EDWARD SZYMANSKI
Director of the Institute
Humanities, East Campus

 The group in Pecs  Janus Pannonius Museum in Pecs The group in Pecs

2001 Summer Institute: Discovering Eastern Europe

I was fortunate to participate in the first Valencia Summer Humanities Institute and I have continued to be a part of it through my colleagues' experiences and their involvement in the following two Institutes.  Over the last three years, Valencia faculty has explored Latin American Women, Africa, and China. I felt that we needed to take the Institute to a different place, perhaps one not so obvious but one that was as important.  I proposed an Institute that focused on Eastern European art and culture.  All the texts that I teach from barely reveal the treasures that can be found in Prague, Budapest, Krakow, and other Eastern European capitals.  I felt that Eastern and Central Europe was a topic that could be linked directly to the courses taught by those who teach humanities, foreign languages, literature, film, and the fine arts.  The music, art, architecture, and literature created in Eastern Europe could enrich courses dealing with topics ranging from the Middle Ages to the 20th century.  The subject of our Institute would cover the history of nations that survived various forms of oppression, destruction and desolation, and the loss of national identity, but were reborn -- as it were -- in the years after the dramatic events of 1989.  Suggesting the topic for the Institute, I believed that by examining and studying the history of any particular people from the region, we would find their story in the things that they created and left behind.
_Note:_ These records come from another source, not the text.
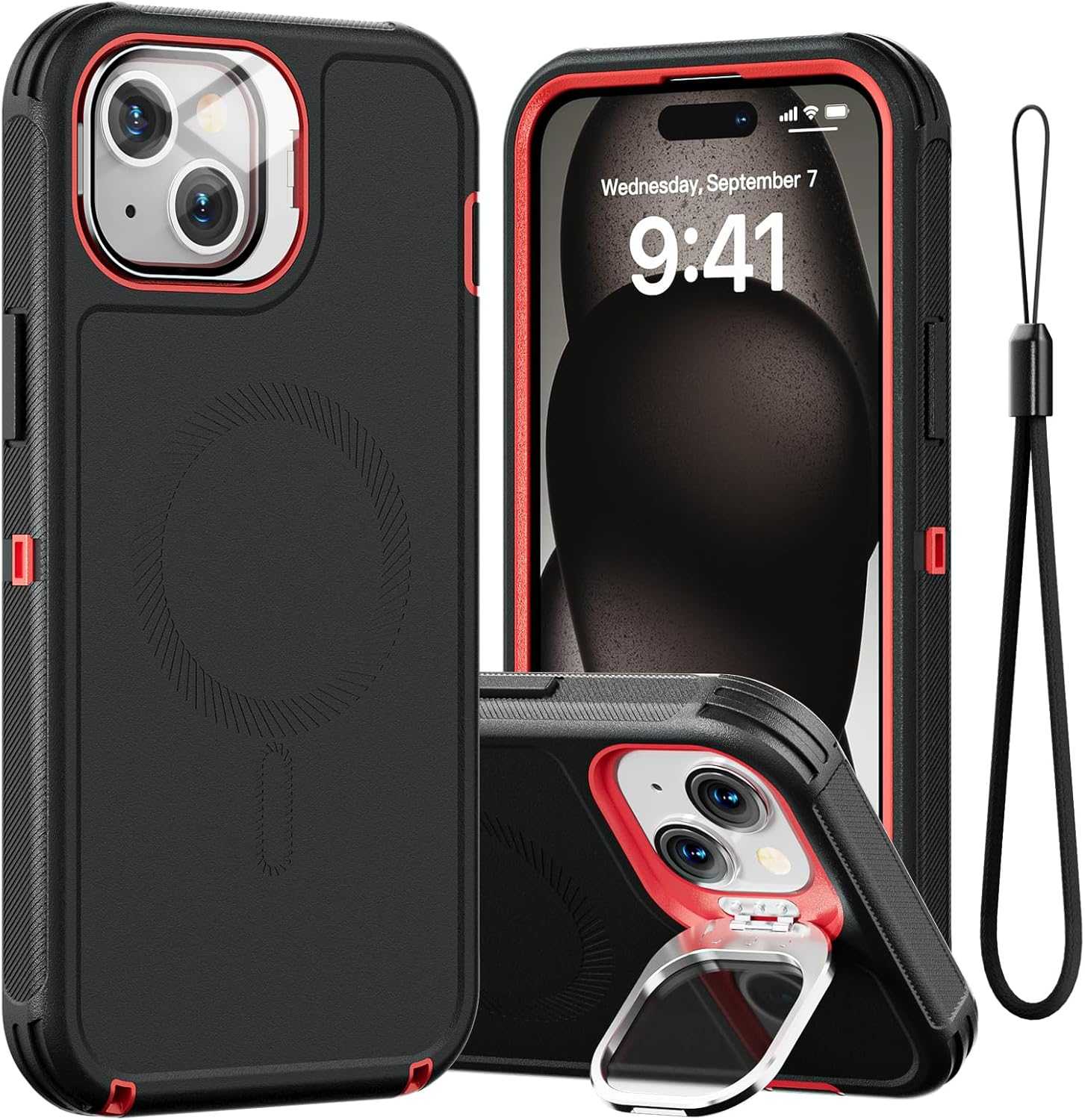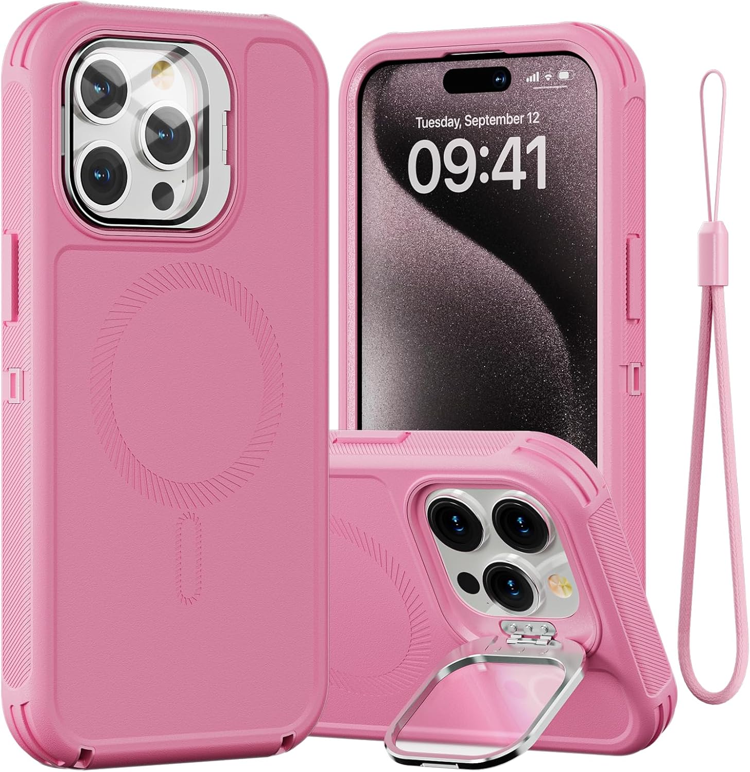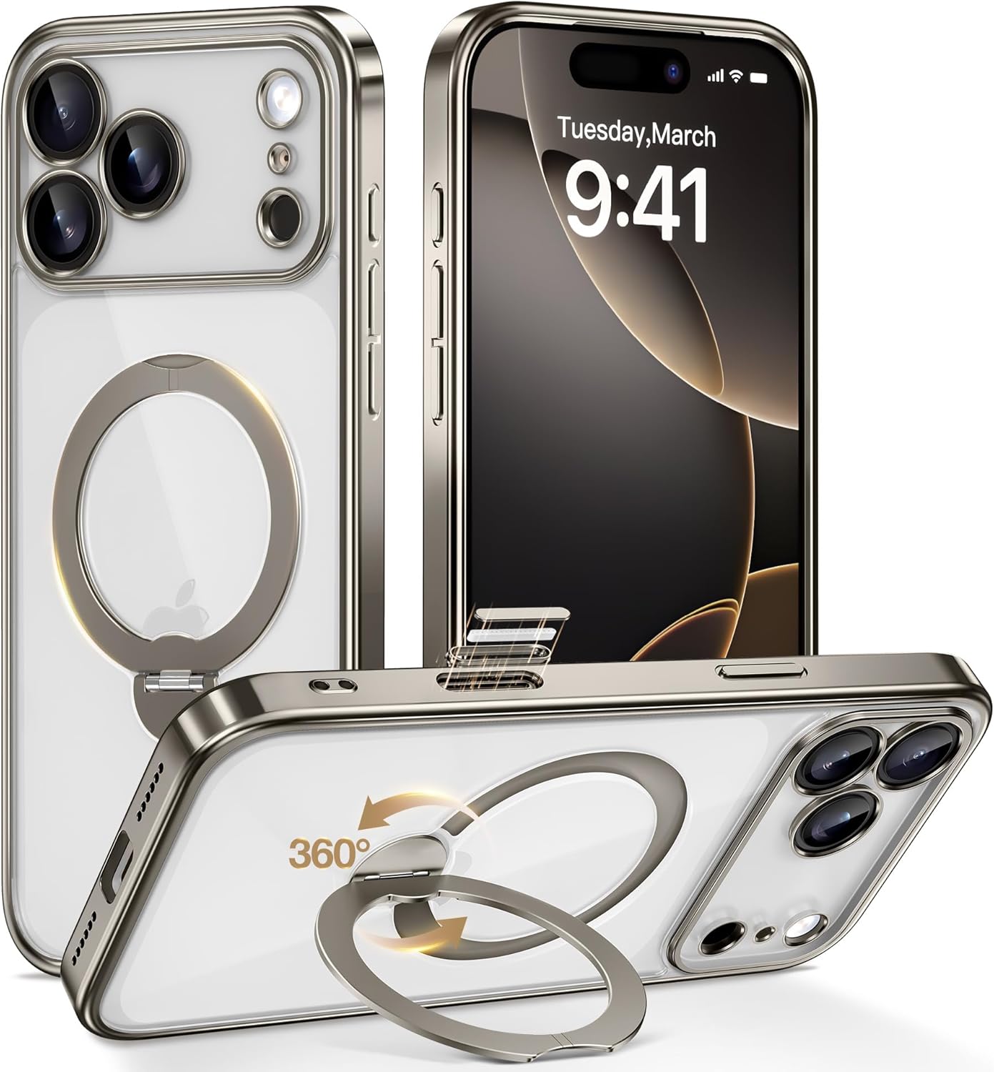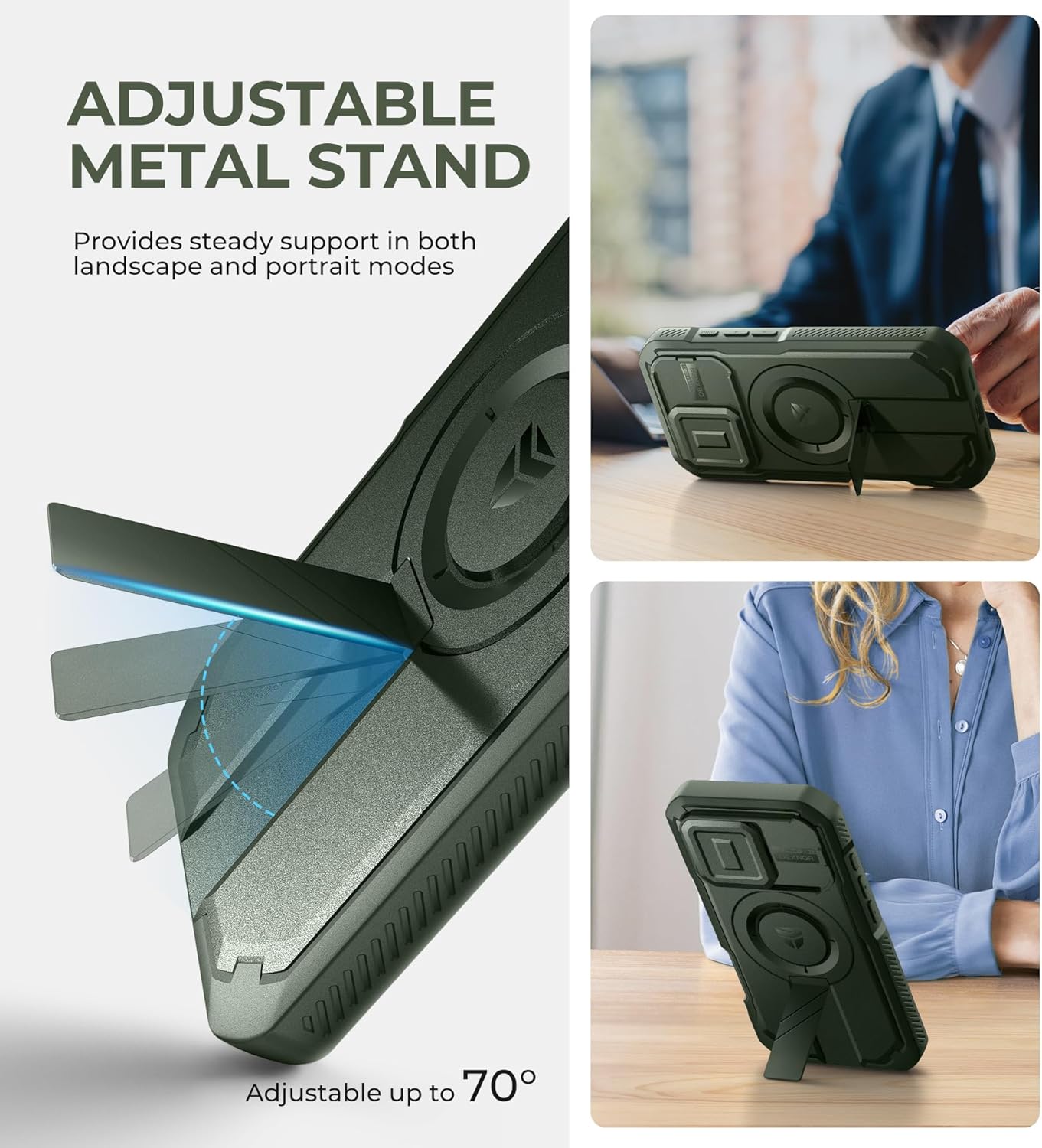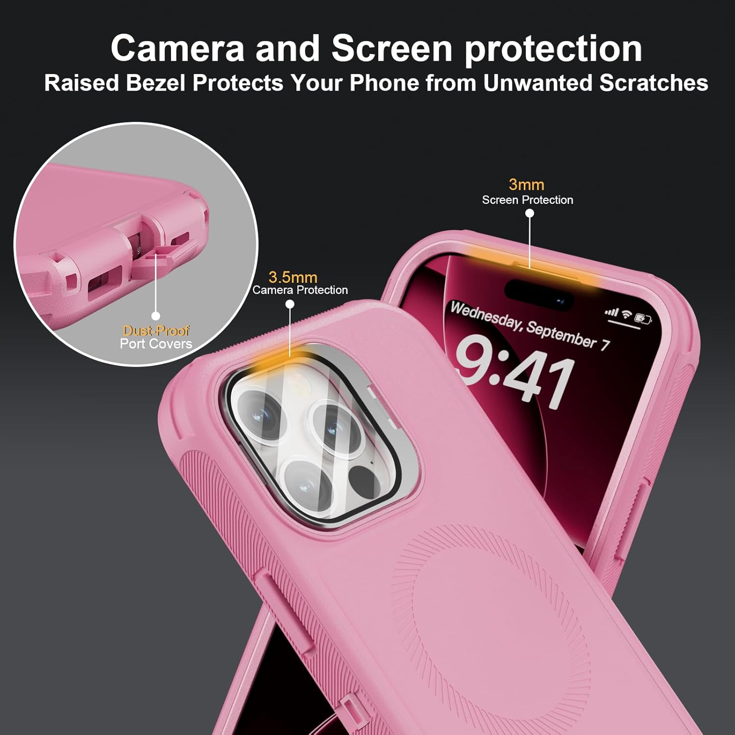 SURITCH 适用于 iPhone 16 Pro 手机壳,带滑动相机盖和可调节支架,兼容 MagSafe,防震防撞保护套,适用于 iPhone 16 Pro 6.3 英寸,黑色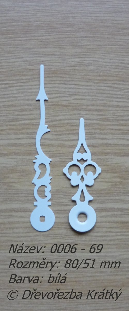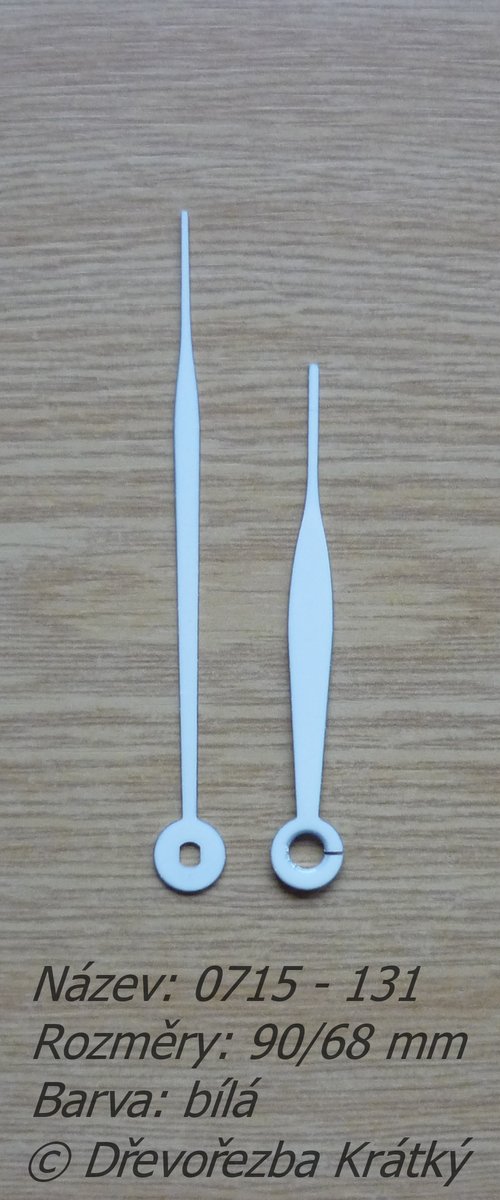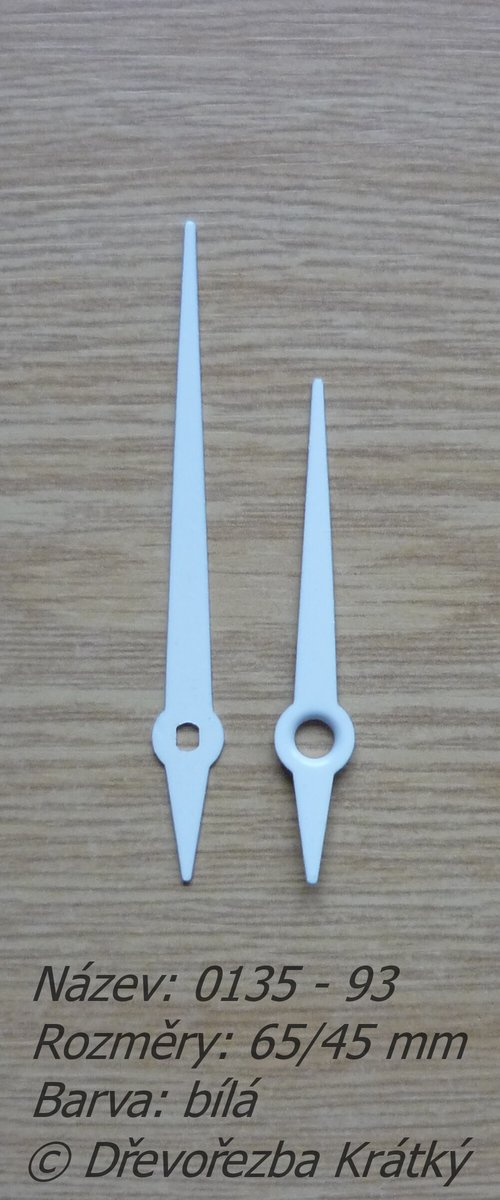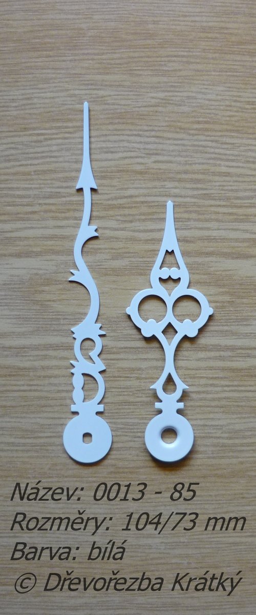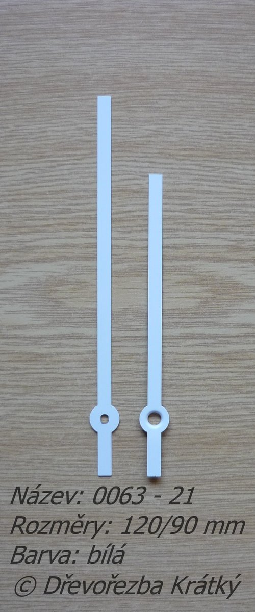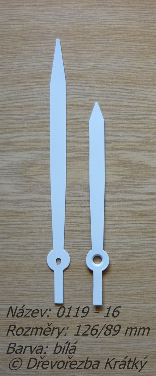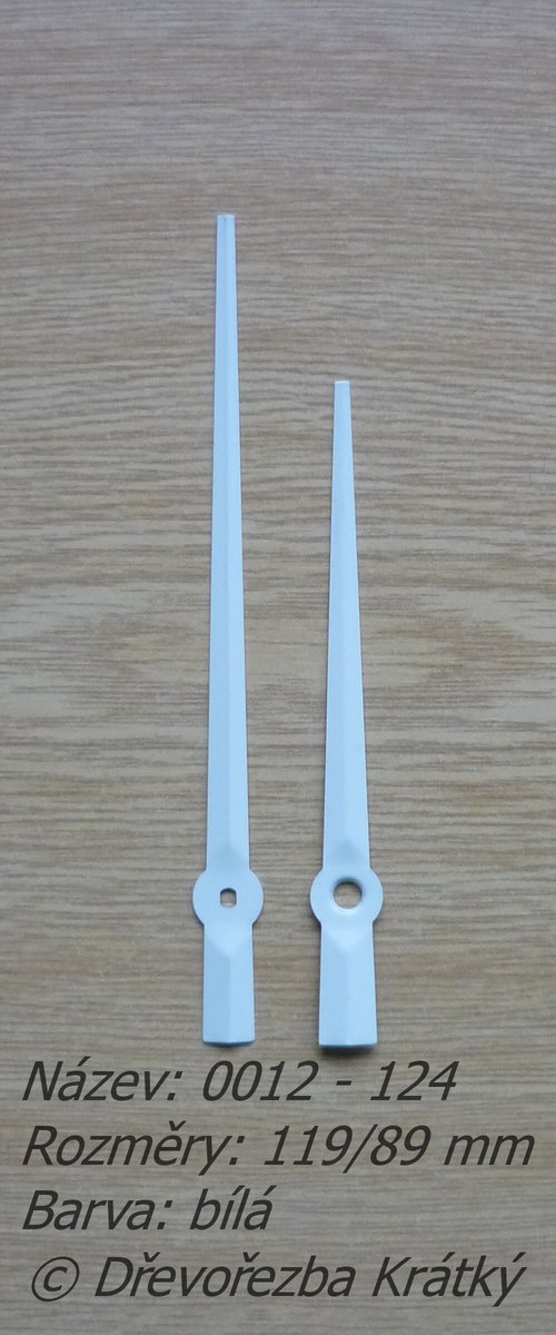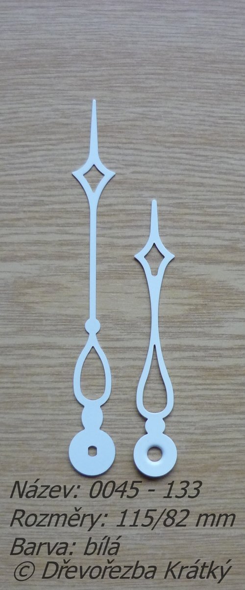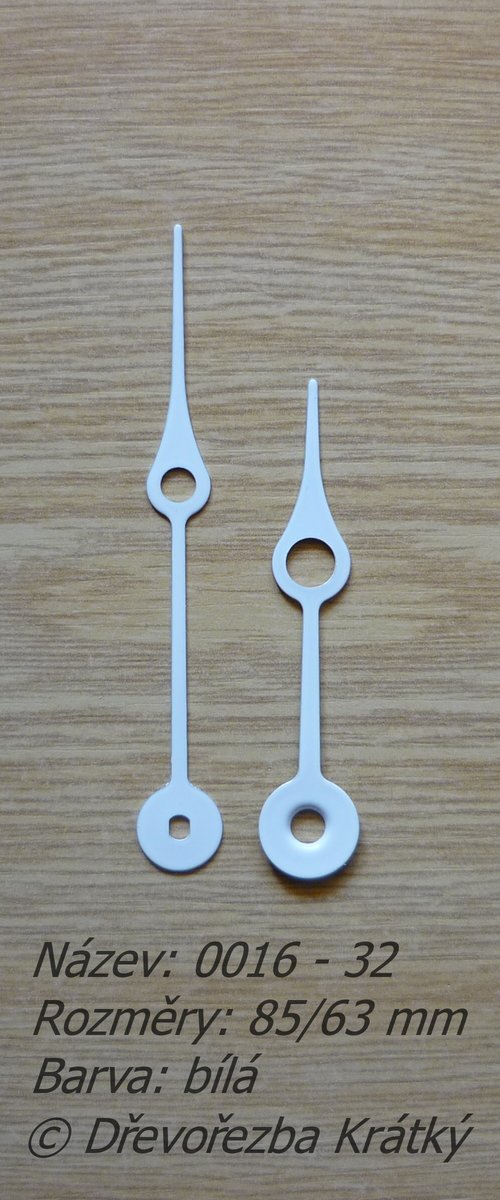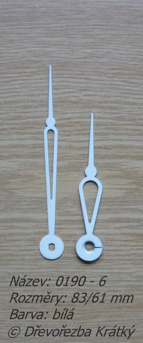 Hodinové ručičky jsou v barvách bílá, černá, zlatá. Rozměry jsou dány ve formátu "a/b", kdy "a" je délka minutové ručičky, "b" je délka hodinové ručičky, od středu otvoru až na jejich konec v milimetrech. Od velikosti ručiček se odvíjí velikost ciferníku hodin. Při objednávce uvádějte prosím název ručiček a jejich barvu.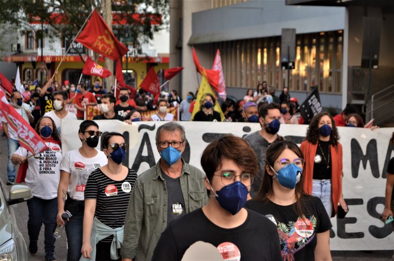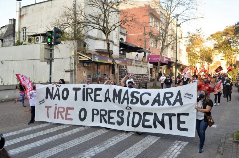 Com muitos jovens, que empunham cartazes defendendo o impeachment do presidente, cobravam ainda a retirada de direitos e a defesa por mais vacinas. Também foi possível perceber um ou outro manifestante com camisa do ex-presidente Lula (PT).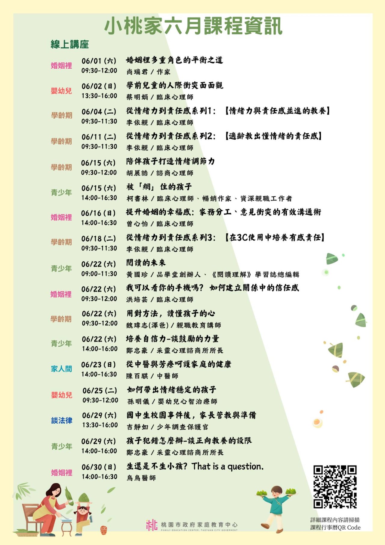 二、 | 旨揭課程詳細資訊,請見中心課程行事曆(https://reurl.cc/xlGyGL)或追蹤「桃園市政府家庭教育中心」FB粉絲專頁;另倘有家庭教育個別化服務需求,可撥打4128185諮詢專線或申請小桃家線上諮詢室(https://reurl.cc/oZWOY5)服務。 |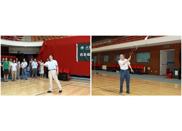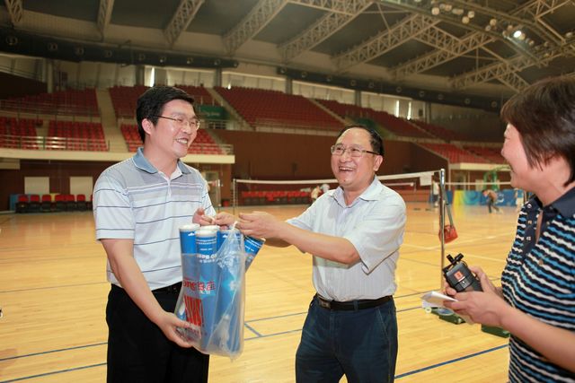 最后,赵平副校长和张建军副主席为羽毛球队开球,标志着机关体育协会正式成立。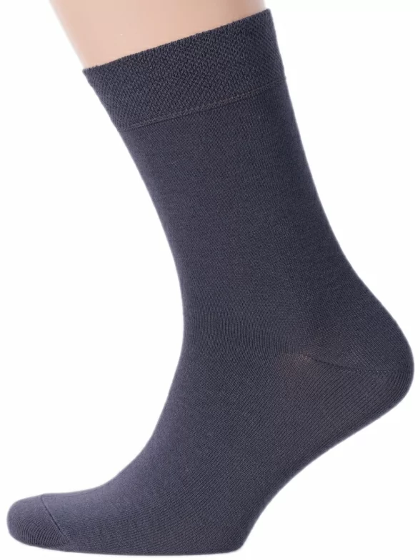 Круглогодичные средней длины мужские носки, цвет темно-серый, классические, шов кеттельный (бесшовная технология), принт (рисунок): однотонный, без рисунков/узоров, состав: 73% хлопок, 25% полиэстер, 2% эластан, арт. 14С2122. Производитель «Брестский чулочный комбинат ОАО, Беларусь» под брендом «Брестские (бчк)».

With old walls broken down, new borders created, new forms of government established, and the long-suppressed freedom of expression reemerging in restoration, renovation, and new ventures in the arts made possible by reviving economies, these areas of Europe entice us to investigate what had been lost to the West for much of the 20th century.  It was my hope that the Institute would generate discussion and debate over the value and place that the art and culture of Eastern and Central Europe had played in our lives and in our past.  I was certain that when we studied  these diverse groups of people we would discover the influences of Eastern Orthodoxy, Judaism, and Islam on their arts and culture, influences that make them unique and at the same time add another dimension to the multicultural diversity of Humanities courses at Valencia Community College.

I hope that the Institute's goals and expectations were met and exceeded, while its impact, only partially revealed by the comments of its participants in these Web pages, is evident in their teaching and scholarly work.